American horror film series

The Orphan film series, consists of American psychological slasher-horror movies, based on characters created by Alex Mace and starring Isabelle Fuhrman in the primary role; consisting of a theatrical film, a hybrid limited theatrical-VOD-streaming prequel, and its sequel described as an "inbetweenquel" in production. The plot centers around a psychopathic serial killer Estonian named Leena Klammer who lives with a hypopituitarism hormonal condition which caused proportionate dwarfism, and allows her to pose as an orphaned child. Taking on the alias of Esther Albright, Leena repeatedly orchestrates scenarios where she can victimize her would-be adoptive parents. Each installment follows the attempts of survival by adopters, while Leena sadistically manipulates their marriages, tortures and kills her adopted families.

While the movies received mixed critical reception, each installment turned a profit at the box office. The series garnered a fanbase, and through retrospective modern analysis, the original earned its status as a cult classic within its genre.

== Films ==

| Title | Director | Screenwriter | Story by | Producer(s) |
| Orphan | Jaume Collet-Serra | David Leslie Johnson-McGoldrick | Alex Mace | Joel Silver, Susan Downey, Jennifer Davisson Killoran and Leonardo DiCaprio |
| Orphan: First Kill | William Brent Bell | David Coggeshall | David Leslie Johnson-McGoldrick and Alex Mace | Alex Mace, Hal Sadoff, Ethan Erwin and James Tomlinson |
| Orphans | David Coggeshall |  | Alex Mace, David Leslie Johnson-McGoldrick and Norman Golighty |

| Orphan story chronology |
|---|
| Orphans (TBA); Orphan: First Kill (2022); Orphan (2009); |

=== Orphan (2009) ===

Kate and John Coleman begin to rebuild their estranged marriage, after the passing of their stillborn baby named Jessica. Together they determine to adopt, welcoming a 9-year-old Estonian orphan named Esther into their family. The family works together to have meaningful relationships with Esther, though this proves difficult as their son Daniel has strained interactions with her, and their deaf and mute daughter Max struggles to have a legitimate bond. Through a series of troublesome events, Kate begins to question Esther's mental state. As he continues to grow closer to his adoptive daughter, John refuses to acknowledge the concerns that the rest of the family sees as behavioral trouble. Kate begins to investigate the background of her adoptive daughter and to her horror discovers that Esther is actually a full-grown woman named Leena Klammer who is a violent serial killer with a hormonal hypopituitarism which caused a rare medical case of proportionate dwarfism; she previously escaped the Saarne Institute mental hospital. Realizing her family is in danger, Kate frantically works to save the lives of those closest to her before Leena can kill again.

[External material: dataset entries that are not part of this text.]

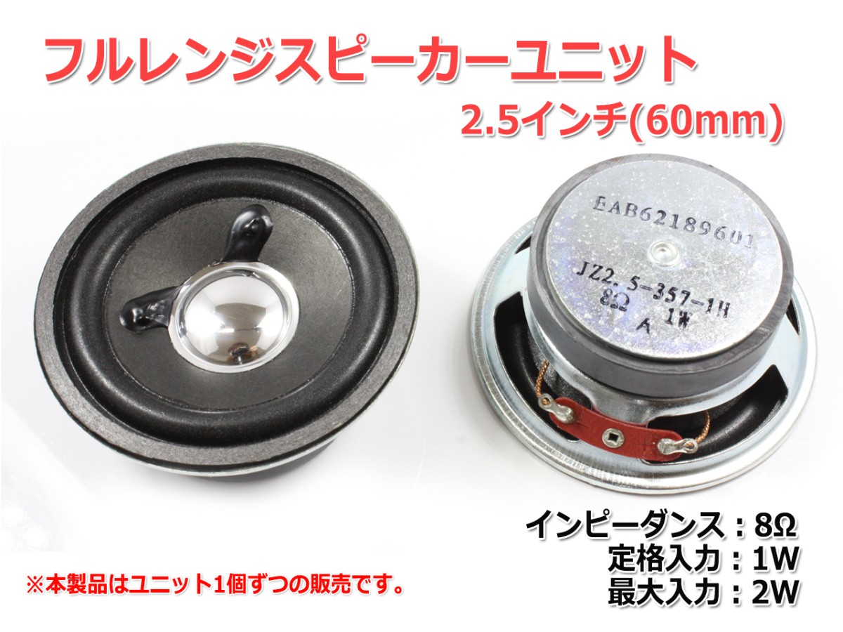 >>取扱スピーカーユニット一覧はこちら【商品詳細情報】2.5インチ(60mm) 8Ω/最大2W のフルレンジスピーカーユニットです。
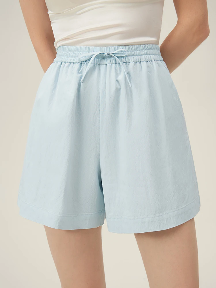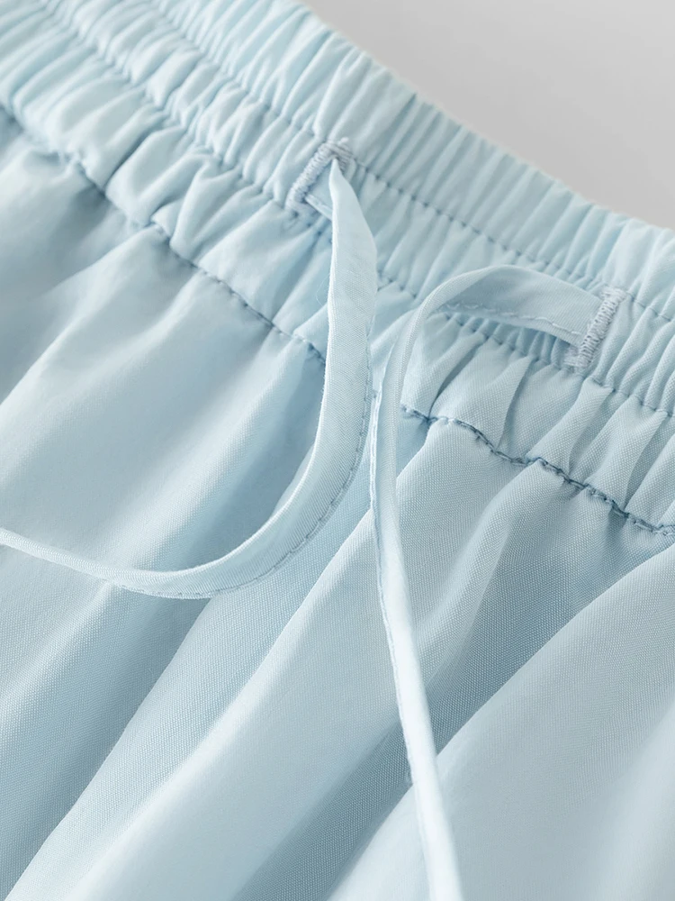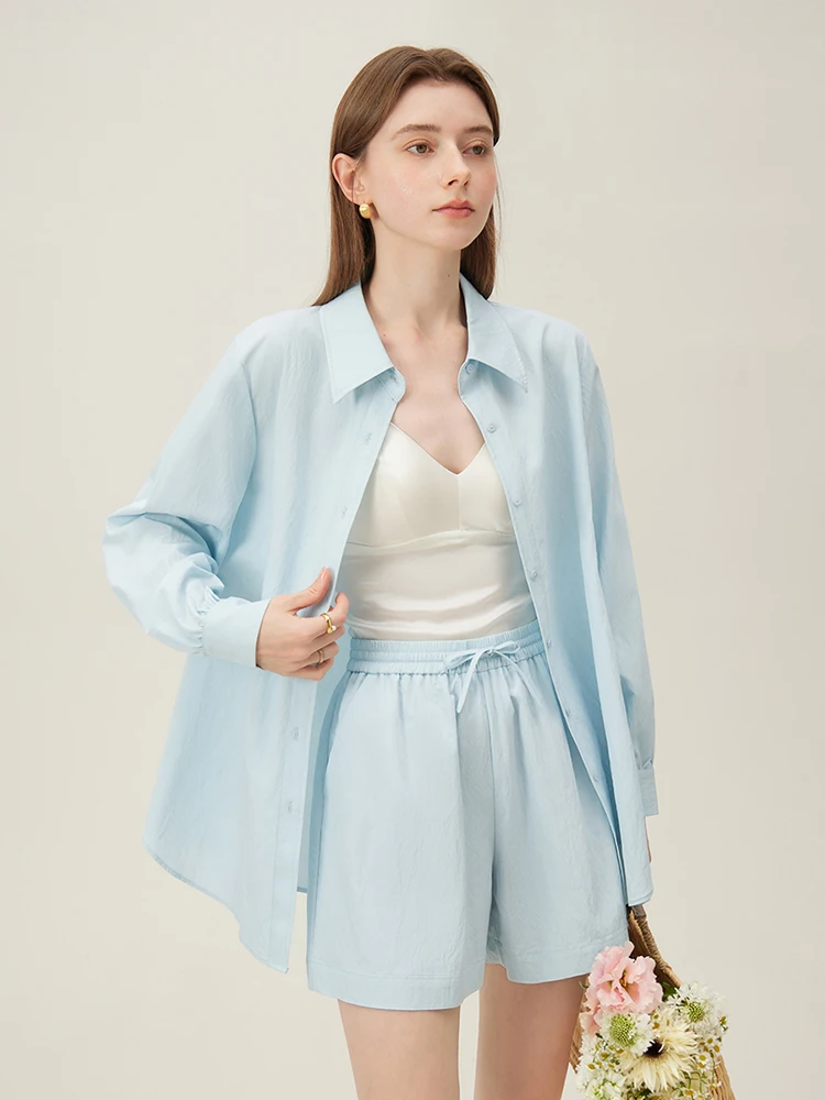 FSLE Women Summer Shirt Skirt Sets Polo Neck Thin Long Sleeve Sun Protecting Tops Elastic Waist Blue Shorts 24FS12147+24FS12148
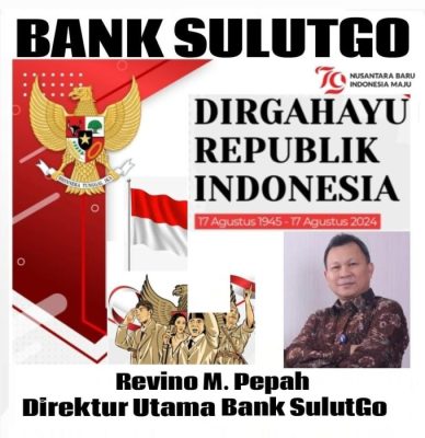 Direktur Utama Bank SulutGo Revino M. Pepah, Tidak ada yang lebih berharga dari kebebasan dan kemerdekaan. Selamat Hari Kemerdekaan Indonesia yang ke-79.
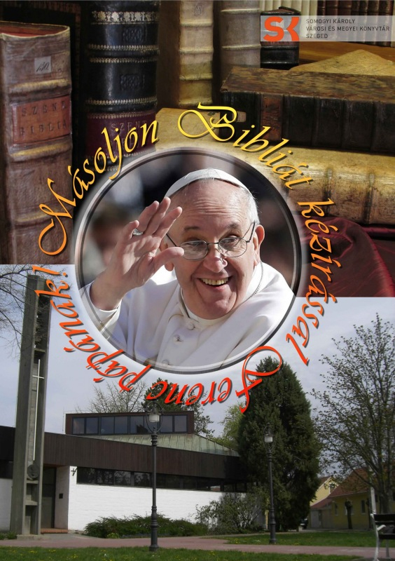 Magyarok Bibliája program: tízezer bibliamásolót keresnek a Kárpát-medencében. A teljes biblia kézzel másolásához gyűjt vállalkozó szellemű „írástudókat” a szegedi Szent Gellért-plébánia. A kézírásos Magyarok Bibliáját római zarándoklat keretében kívánják átadni szeptemberben Ferenc pápának – számol be Benyik György plébános.
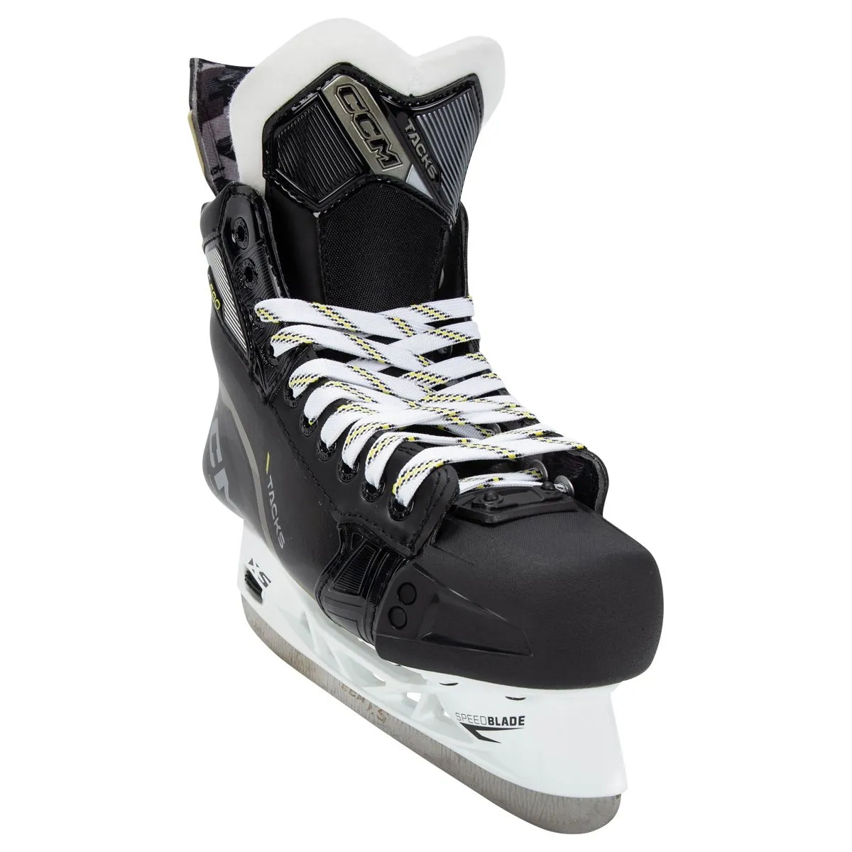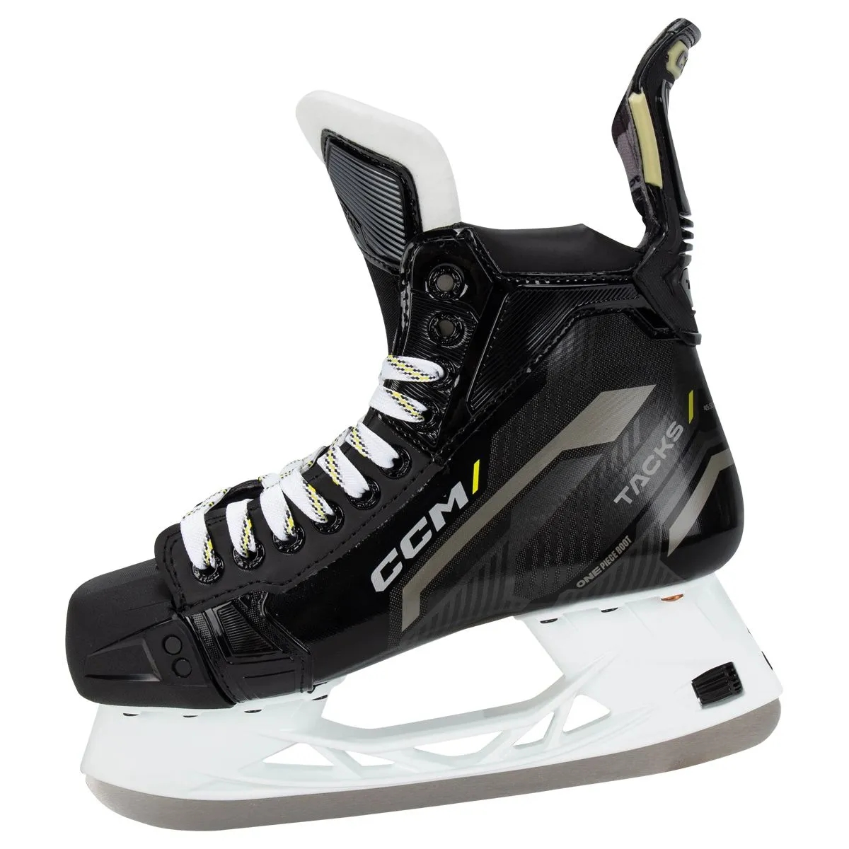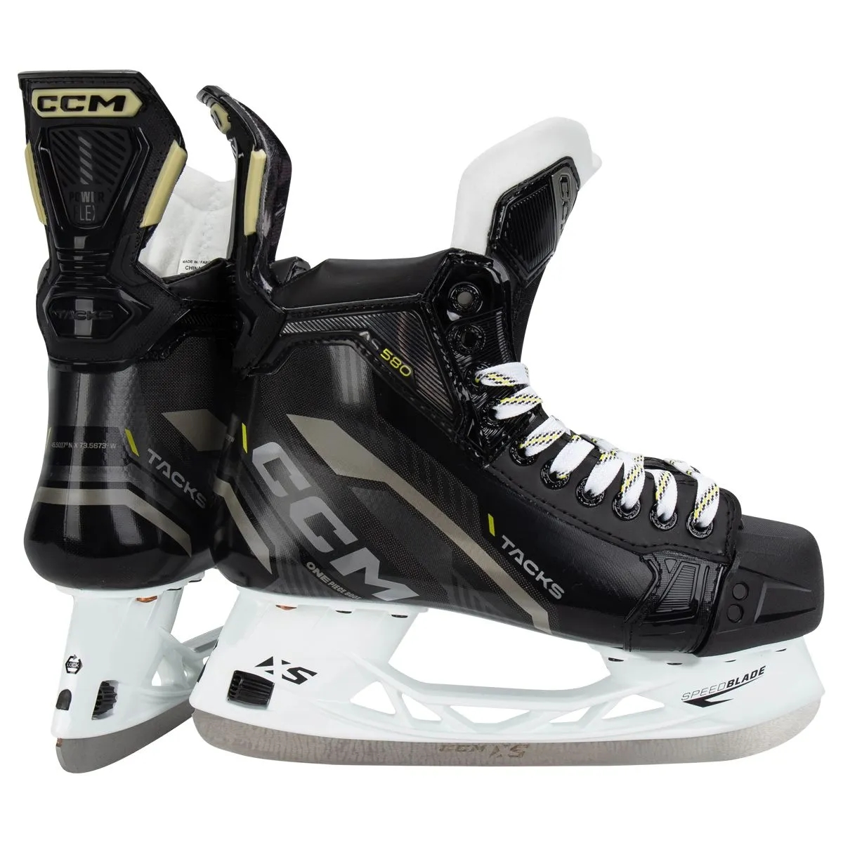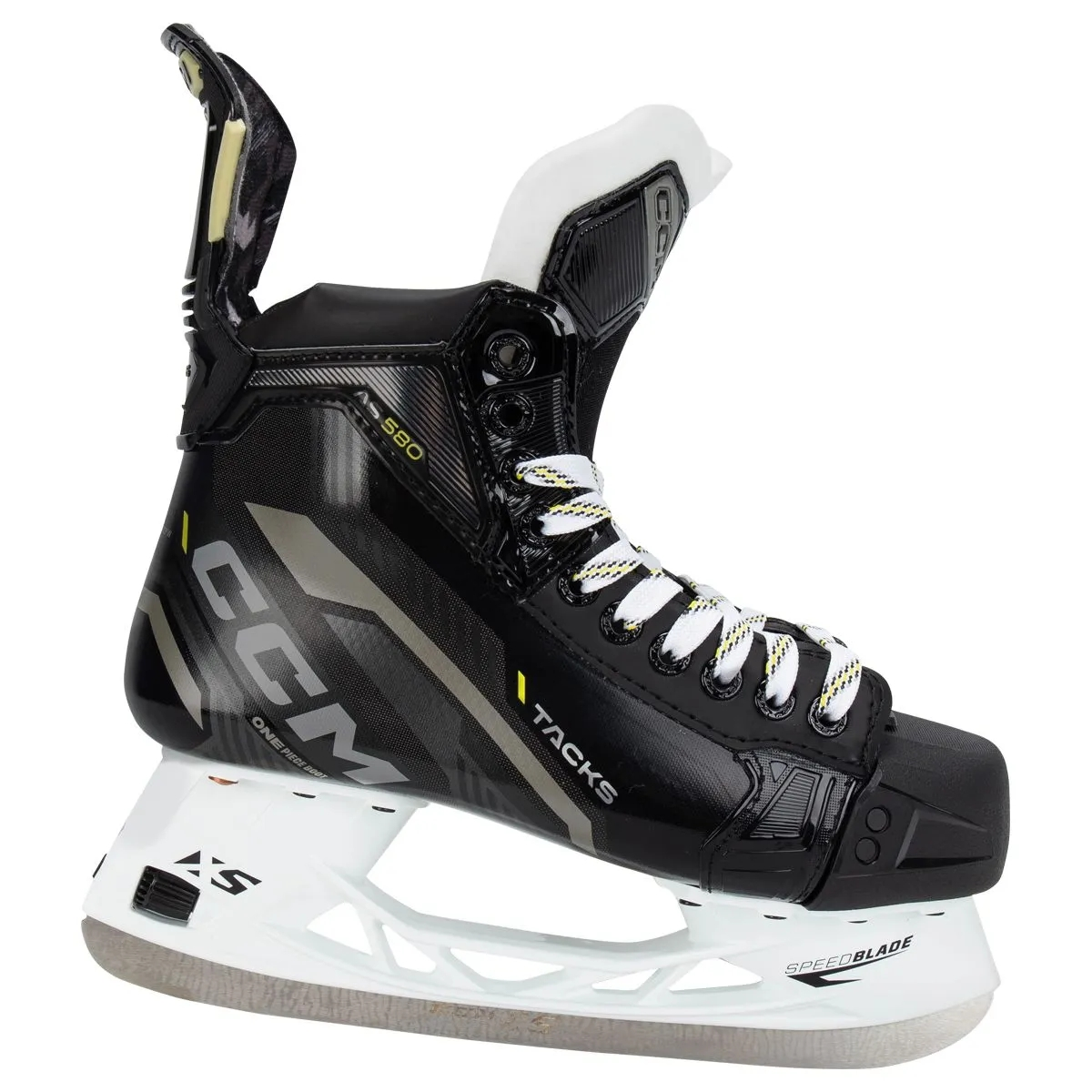 Tacks 580 har en anatomisk passform nära foten som spelarna är vana vid med Tacks-linjen. Denna formsydda, 360-graders passform runt framfoten, hälen och ankeln hjälper till att eliminera negativt utrymme i stöveln, vilket möjliggör effektivare energiöverföring vilket innebär förbättrad hastighet och smidighet. Tacks 580-skridskorna använder CCMs stövelteknologi i ett stycke. Denna stövel hjälper spelare att få mer direkt energiöverföring och en närmare passform för de mest kraftfulla stegen som möjligt. Denna stövel i ett stycke är byggd med RFM-kompositblandning. Denna lätta kompositblandning av NHL-kaliber ger extra hållbarhet. Det har en styvhet på 170 som är lätt och termoformbar för en fantastisk skridskoprestanda. På framsidan av 580 finns CCMs utbytbara asymmetriska plös. Denna 7 mm plös har förstärkta lager för ökad komfort och skydd. Insidan av Tacks 580 är laddad med komfort och hållbarhetsförbättrande funktioner. HD-mikrofiberfodret är ett fukttransporterande material med hög motståndskraft som hjälper till att transportera bort fukt från fötterna och håller dem torra och lätta. Det invändiga multi-density memory-skummet i ankelområdena lindar anatomiskt runt spelarnas anklar. På baksidan av skridsko, Powerflex senskydd, ger förbättrat rörelseomfång för fylligare steg och ökad kraft. För fotbädden använder CCM sin Ortholite-sula. Detta erbjuder förstklassig komfort och stöd med återvunnet EVA-skum. Till den nedre halvan av Tacks 580-skridskorna använder CCM deras populära SpeedBlade XS-hållare. Dessa hållare utvecklades som ett snabbt och enkelt sätt för spelare att byta ut stål i farten, samtidigt som de säkerställer en konsekvent känsla varje gång. Hållarna använder en positiv låsmekanism som tätt fäster löparna vid hållaren för att förhindra att bladet lossnar under spelet. Tillsammans med SpeedBlade XS-hållaren finns XS-skenorna i rostfritt stål. Dessa stål ger en långvarig fördel för långsiktig prestation.

=== Orphan: First Kill (2022) ===

Prior to being adopted by the Coleman family, Leena Klammer expertly orchestrates her escape from the Estonian mental hospital known as the Saarne Institute by seduction and murder. Making her way to Russia, Leena cons local authorities into believing she is a missing American child named Esther Albright. Upon notification that their lost daughter has been found, the wealthy couple Allen and Tricia Albright travel to retrieve her before returning home. As questions begin to arise, Tricia and their son Gunnar rightfully doubt that Esther has returned to them. As the truth is revealed, Tricia frantically works to protect her family from the machinations of the socio-psychopath determined to murder again.

=== Orphans (TBA) ===

In August 2022, when asked about his approach to making the sequel, Bell stated that there would need to be a third film in order for Orphan to be considered a franchise. Later, Fuhrman expressed interest in continuing to portray the character in additional films. Bell later stated that should the prequel prove to be successful, a third film could be developed. The filmmaker expressed interest in exploring a darker third installment that would complete a full story of Leena Klammer/Esther, while stating that there could be multiple sequels: "...Isabelle [Fuhrman] is so passionate about the character – [she] can play this character forever… there's a lot to that character, and I think in the future stories, she would probably become a bit more cold-hearted again. Fuhrman confirmed that discussions for a third film, among the creatives and studio are ongoing, stating that there would not be another "13 years this time around" before a sequel is developed. In December 2023, it was announced that a third film was officially in development.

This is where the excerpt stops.